With the apprehension of Kevin Shea and the timing of the executive order, she was sure things would calm down. The city would return to normal, or some semblance of it. And she would be at the crest of the wave of peace and harmony – a hero to the community at large, not to any racial segment within it. She had fought for – and won – concessions for her own people, but she had also proved again that she was more than willing to work within the existing white, predominantly male power structure. She was a pragmatist with ideals intact, she told herself.

'You see the president tomorrow, honey, you tell him it's Loretta Wager making him look so good. Nice and subtle, though, hear?'

'I hear you.'

'I know you do, sugar.'

 

And then there was Abe.

He stood leaning against the jamb, filling the doorway, half-smiling, the simple enjoyment of watching her. She'd been making notes on her projected press conference for the next day, hadn't even sensed his arrival.

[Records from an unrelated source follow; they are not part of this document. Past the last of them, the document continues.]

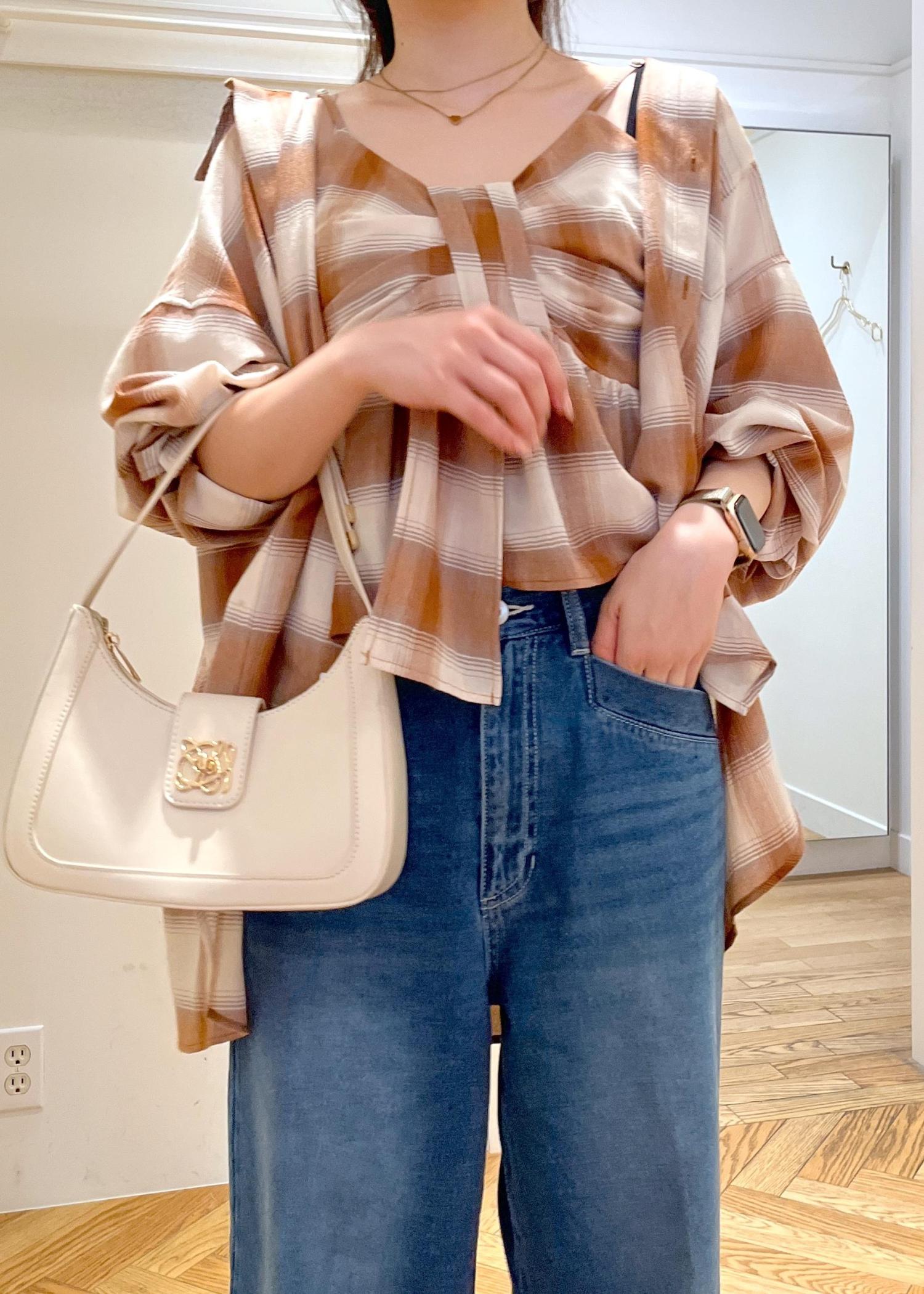 ハイウエストなのでワイドパンツなどボリュームあるものも合わせやすいです。 -
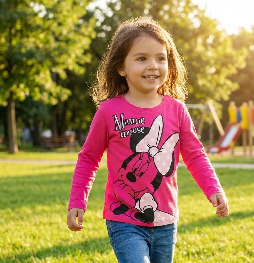 The Minnie Mouse girls long sleeve T-shirt pairs easily with jeans, leggings, skirts, or shorts. Consequently, it works well for school days, family outings, or relaxed weekends at home.
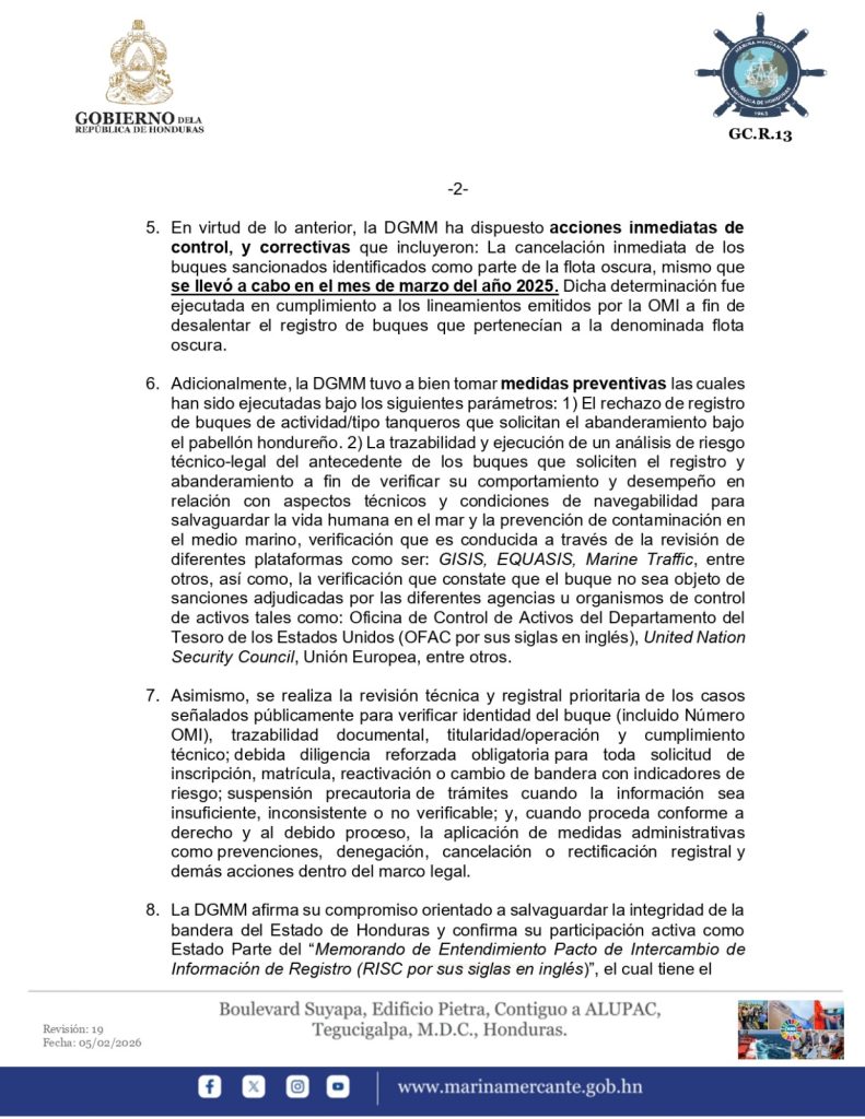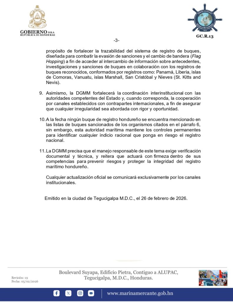 En el comunicado se enfatiza que, a la fecha, ningún buque de registro hondureño se encuentra mencionado en listas de sanción de los organismos citados, aunque se mantienen controles permanentes para identificar cualquier indicio de riesgo que pueda afectar la credibilidad internacional del país.
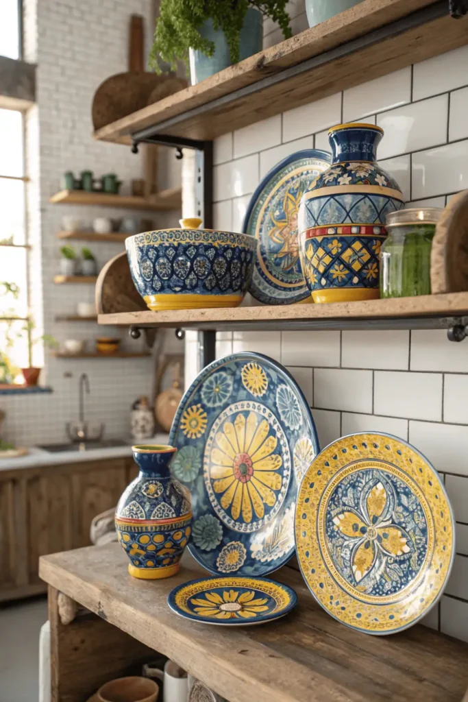 Talavera pottery from Puebla, Mexico features hand-painted ceramic pieces in brilliant blues, yellows, greens, and whites. These decorative plates, vases, and bowls add cheerful Mediterranean flair to kitchens and dining areas.
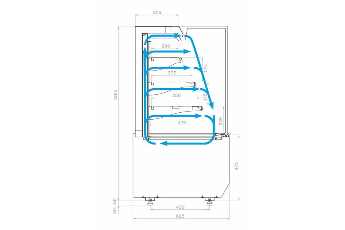 - Глубина выкладки базовой полки 475 мм + 3 полки с глубиной выкладки - 350 мм, 300 мм, 200 мм);
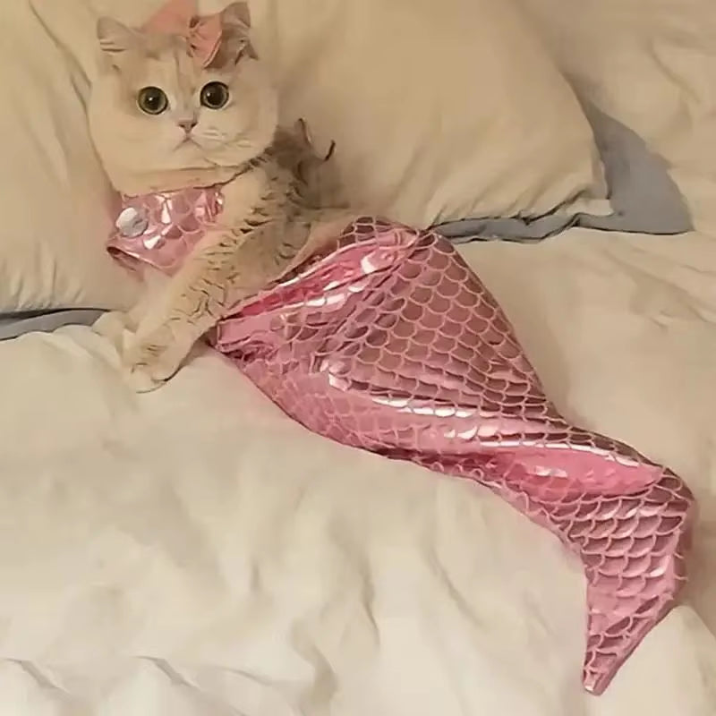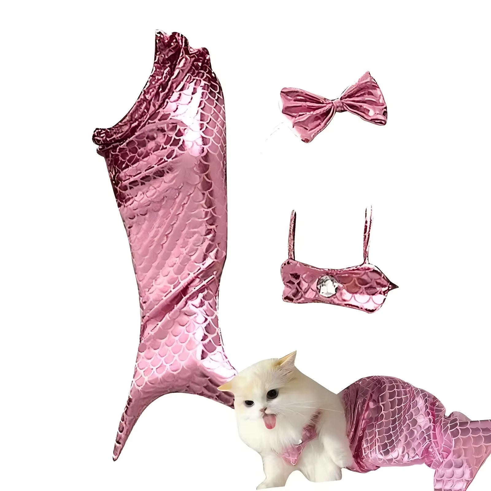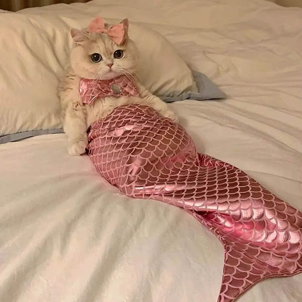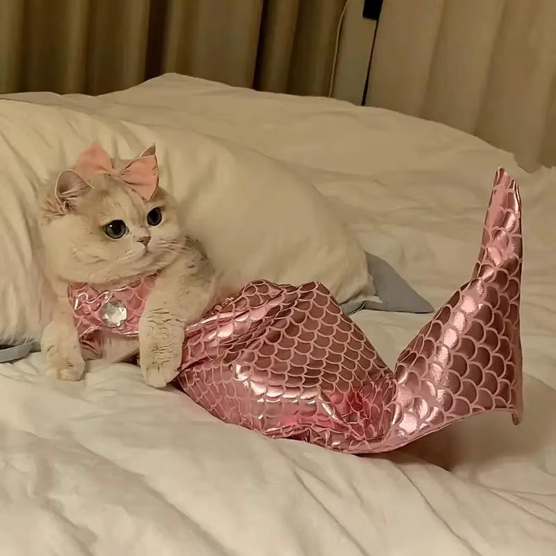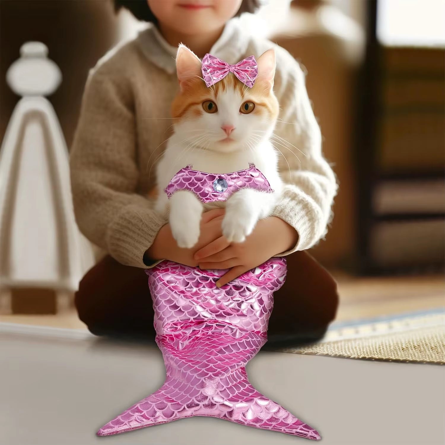 TONG Pet Cat Mermaid Pet Costume Dog Dresses Fish Tail Design Cute Bikini Dog Summer Pet Halloween Clothing Cat Mermaid Costume
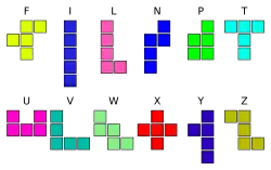 | Pentomino | F | I | L | N | P | T | U | V | W | X | Y | Z |
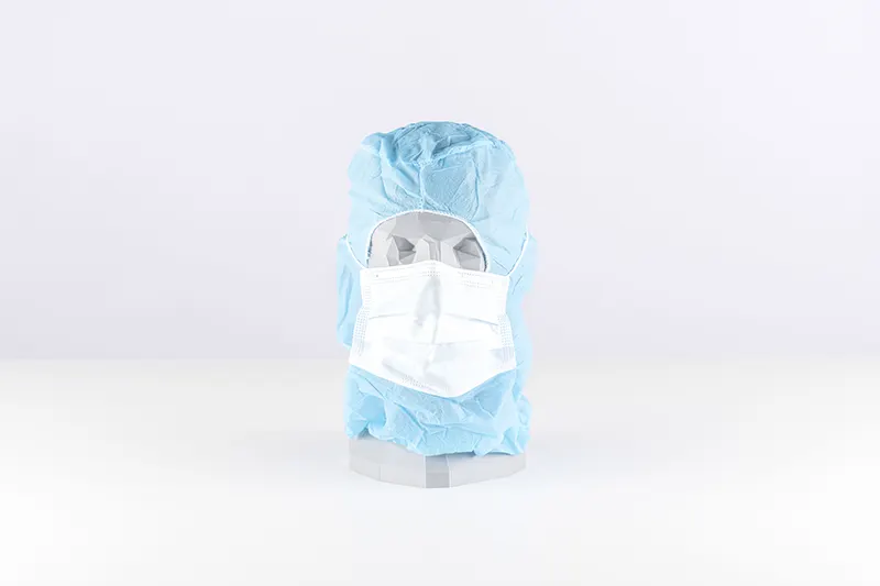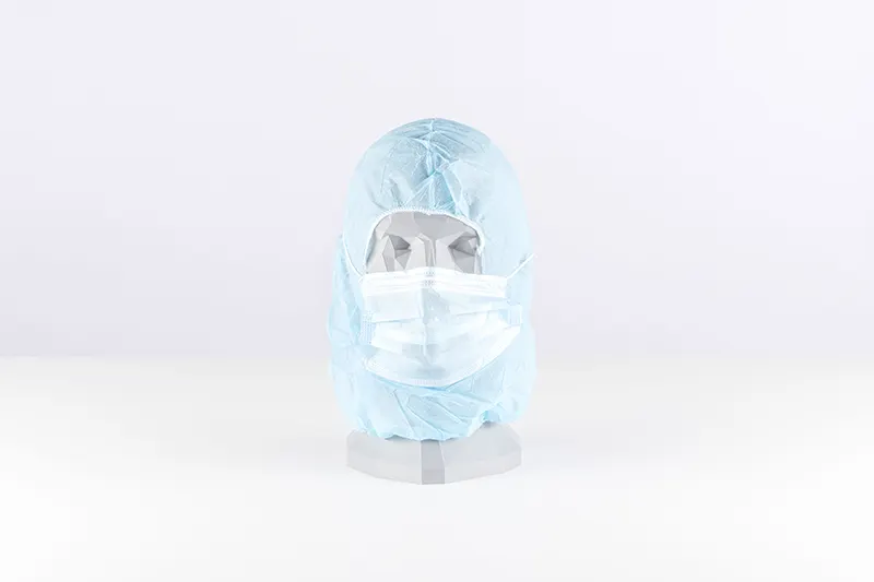 Gorro desechable o capucha tipo astronauta, con mascarilla quirúrgica Tipo IIR de 3 capas, cosida al gorro, con sujeción mediante 1 goma (exenta de látex) a la cabeza. Capucha fabricada en tejido no tejidode Polipropileno (PP), con elásticos en la parte inferior (para el cuello) y en la parte superior (frente) para un mejor ajuste. Disponible en color blanco, azul o amarillo.
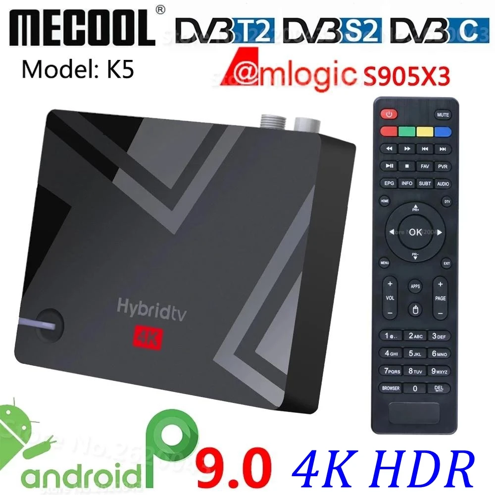 ТВ-приставка MECOOL K5 DVB T2 S2, 2 + 16 ГБ, Android 9,0, Amlogic S905X3, 2,4 ГГц, 5G, двойная, Wi-Fi, LAN, 100 м, медиаплеер, запись PVR
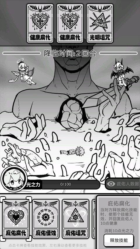天使模拟器是一款独特的黑白画风角色扮演游戏,玩家将化身为来自救赎部的天使,在光与影交织的世界中执行救赎任务。天使模拟器以卡牌系统为核心,通过策略选择和命运干预展开游戏。玩家需要在各类事件中保护短命之人免于死亡,延续其生命,以此获得更深的救赎回馈。天使模拟器游戏以回合制对战、卡牌搭配和剧情选择构建出极具代入感的体验,每一次任务都充满不确定与挑战,让玩家在神意与自由意志之间寻找微妙的平衡。
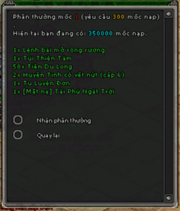 | 16000 điểm | 3 Huyền tinh cấp 8 (khóa) 1000 tiền du long 1 Bổ tu lệnh 5 Thỏi bạc Bang hội (tiểu) 1 Lệnh bài Chúc phúc (cao) 1 Mã bài Ức Vân Danh hiệu nhà tài trợ Vàng |
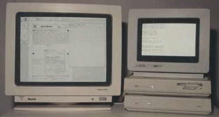 Zum Preise von 5500 Mark vertreibt Matrix einen Monitor der Firma Moniterm, die Controller-Karte, Anschlußkabel und eine Diskette mit Treibersoftware. Die Bildmatrix des M110 ist mit 1280 x 960 Pixel mehr als viermal so groß wie die Matrix des ST-Originalmonitors. Die nutzbare Bildfläche mit zirka 36 x 28 cm besitzt eine Auflösung von knapp 90 dpi, sie ist also um etwa 15 Prozent höher als die 78 dpi des SM124. Die vertikale Bildwiederholungsrate von 70 Hz garantiert ein scharfes Monochrombild.
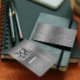 Metallic Brushed Steel Silver Script Qr Code Business Card
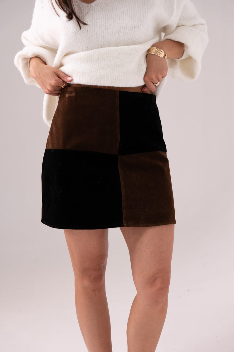 Crafted from soft faux suede and fully lined for comfort, this mini skirt features a sophisticated quartered design that adds subtle texture and dimension. The side zip ensures a sleek fit, while the contrasting black and chocolate tones bring a refined, versatile look perfect for both casual and dressier occasions.
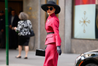 Stajlingu je dodala predimenzionirani crni šešir, visoke potpetice i crne rukavice koje su samo upotpunile stil prave dame.
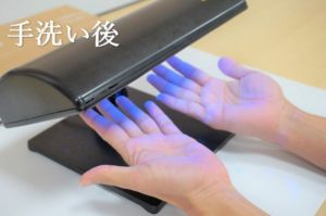 感染予防用品を取り扱う医薬品メーカーの東京サラヤ株式会社様よりご協力いただき、手洗いチェッカーとブラックライトを使用した研修を実施しました。専用ローションを汚れに見立てて塗り、手洗い後、特殊ライトの下に手をかざすと洗い残しが光ります。

'How do you stay so invisible?' he asked her.

'God! Oh, Abe!' Her hand went to her chest. 'You scared me to death.'

'We homicide inspectors are trained to silently stalk our prey. Is it a good time?' Meaning for them to be alone. He stepped into the room, looking a question at her, getting a nod, closing the door behind him. Barefoot as usual, she came around the desk into his arms.